Reproduce everything from the line that contains "Bandeja gruesa de" down to the line that contains "最后,我们看一下布罗茨基为《" in the listing below, word for word and nothing more. Leave the pictures out.

> _SOURCE RECORDS_
=== Section Start ===

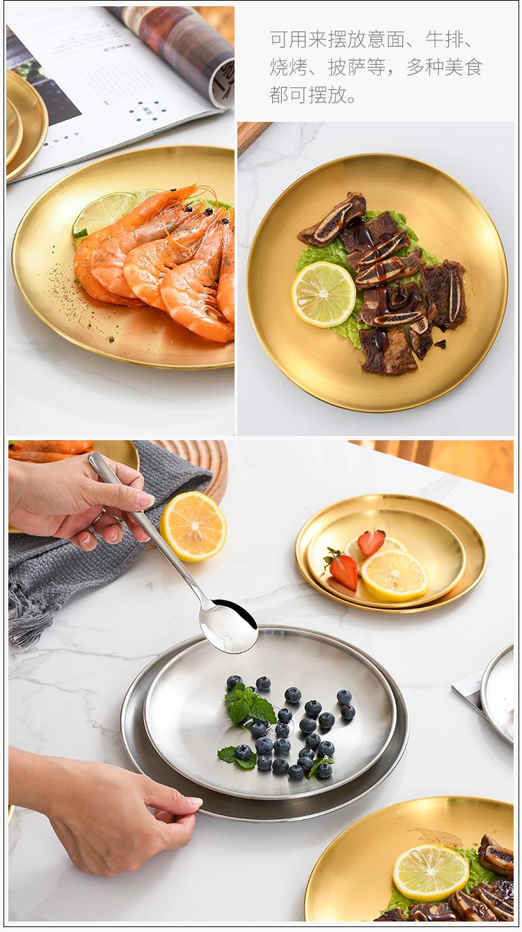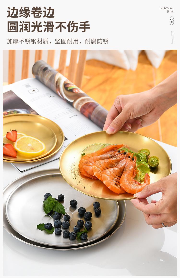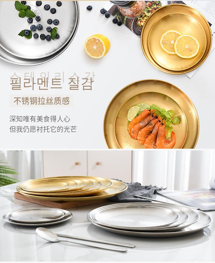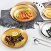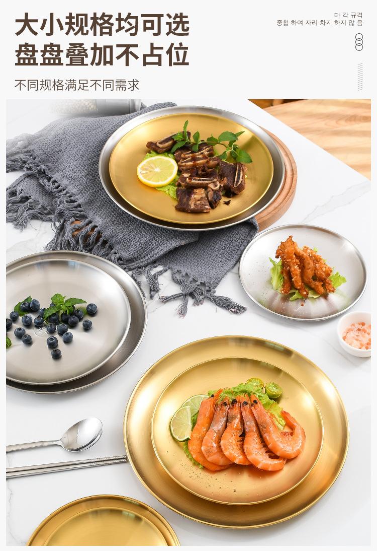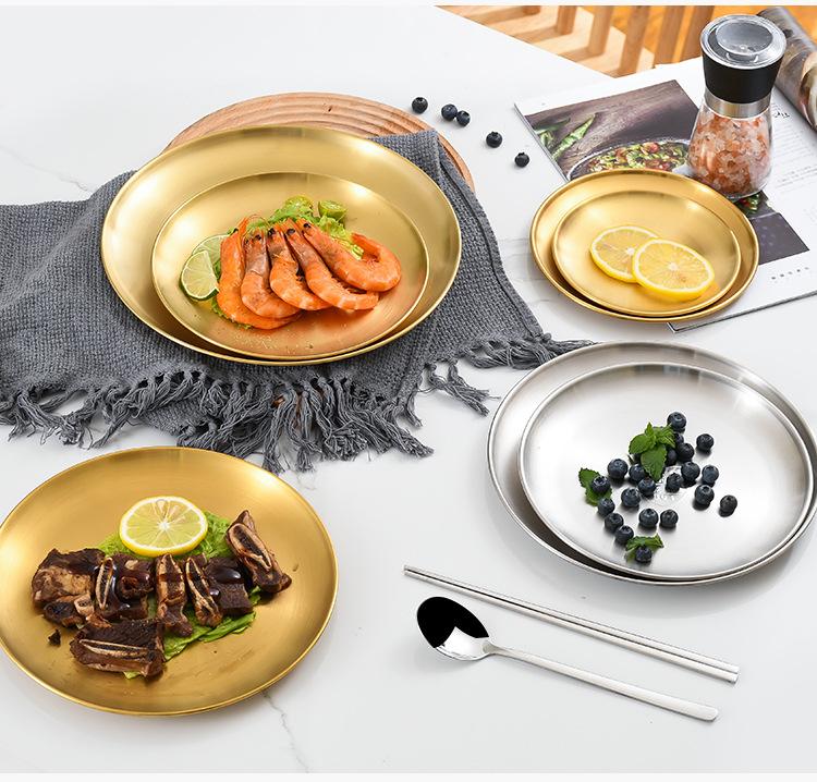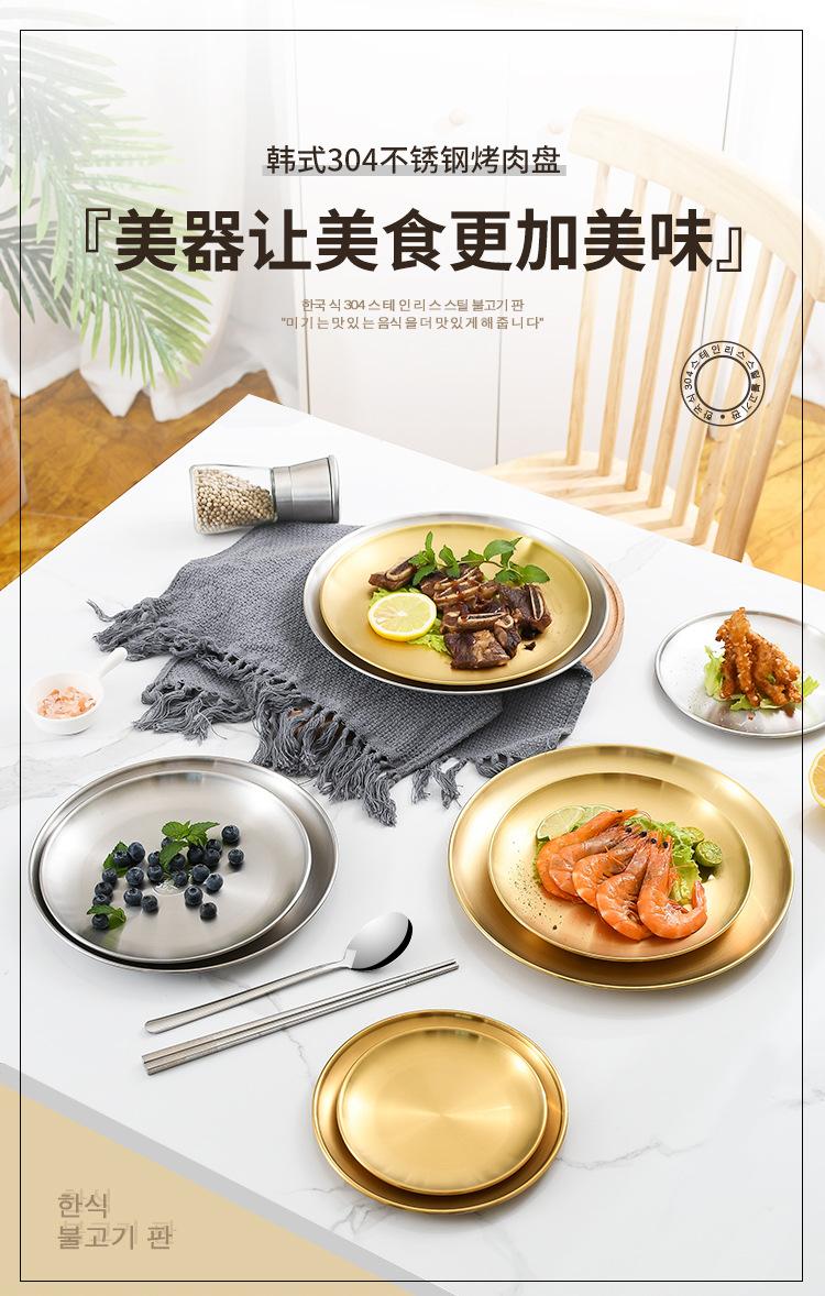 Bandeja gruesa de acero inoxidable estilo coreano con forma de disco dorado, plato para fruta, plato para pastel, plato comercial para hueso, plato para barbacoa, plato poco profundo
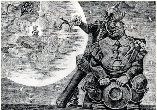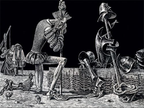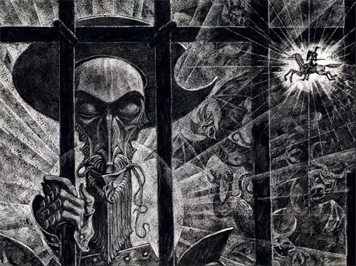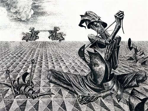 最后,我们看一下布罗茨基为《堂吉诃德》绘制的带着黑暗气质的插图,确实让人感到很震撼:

=== Section End ===
=== Section Start ===

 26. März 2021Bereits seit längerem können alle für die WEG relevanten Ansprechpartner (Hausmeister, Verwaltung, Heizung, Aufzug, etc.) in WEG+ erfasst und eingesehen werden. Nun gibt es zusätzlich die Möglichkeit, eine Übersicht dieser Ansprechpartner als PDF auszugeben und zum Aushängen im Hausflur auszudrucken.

=== Section End ===
=== Section Start ===

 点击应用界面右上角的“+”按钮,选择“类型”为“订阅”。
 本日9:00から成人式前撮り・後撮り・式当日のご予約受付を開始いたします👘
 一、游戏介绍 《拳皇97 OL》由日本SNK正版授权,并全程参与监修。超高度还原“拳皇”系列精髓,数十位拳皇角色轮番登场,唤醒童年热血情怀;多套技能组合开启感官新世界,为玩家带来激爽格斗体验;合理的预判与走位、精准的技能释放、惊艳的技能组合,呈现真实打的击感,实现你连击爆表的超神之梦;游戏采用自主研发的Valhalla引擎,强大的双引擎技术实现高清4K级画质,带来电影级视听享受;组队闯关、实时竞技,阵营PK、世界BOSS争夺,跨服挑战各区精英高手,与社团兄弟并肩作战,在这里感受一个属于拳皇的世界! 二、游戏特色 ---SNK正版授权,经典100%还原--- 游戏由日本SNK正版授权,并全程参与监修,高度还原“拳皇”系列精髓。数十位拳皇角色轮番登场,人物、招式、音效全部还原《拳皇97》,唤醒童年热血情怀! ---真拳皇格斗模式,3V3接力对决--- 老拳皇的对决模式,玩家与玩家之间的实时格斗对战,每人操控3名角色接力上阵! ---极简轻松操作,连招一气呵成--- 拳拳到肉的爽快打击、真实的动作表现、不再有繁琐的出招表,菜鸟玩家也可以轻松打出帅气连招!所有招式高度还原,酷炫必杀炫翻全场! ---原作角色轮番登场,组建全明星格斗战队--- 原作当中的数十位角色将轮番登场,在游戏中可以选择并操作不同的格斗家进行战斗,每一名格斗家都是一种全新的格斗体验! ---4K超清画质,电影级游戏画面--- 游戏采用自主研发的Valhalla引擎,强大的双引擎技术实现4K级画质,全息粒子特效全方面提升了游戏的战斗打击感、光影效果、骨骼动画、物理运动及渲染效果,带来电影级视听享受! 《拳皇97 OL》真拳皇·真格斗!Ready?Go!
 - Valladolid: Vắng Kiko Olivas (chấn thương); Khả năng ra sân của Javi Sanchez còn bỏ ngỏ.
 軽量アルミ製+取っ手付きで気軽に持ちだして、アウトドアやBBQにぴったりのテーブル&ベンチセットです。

=== Section End ===

> _SOLUTION FOR THIS PROBLEM_
 Bandeja gruesa de acero inoxidable estilo coreano con forma de disco dorado, plato para fruta, plato para pastel, plato comercial para hueso, plato para barbacoa, plato poco profundo
 最后,我们看一下布罗茨基为《堂吉诃德》绘制的带着黑暗气质的插图,确实让人感到很震撼:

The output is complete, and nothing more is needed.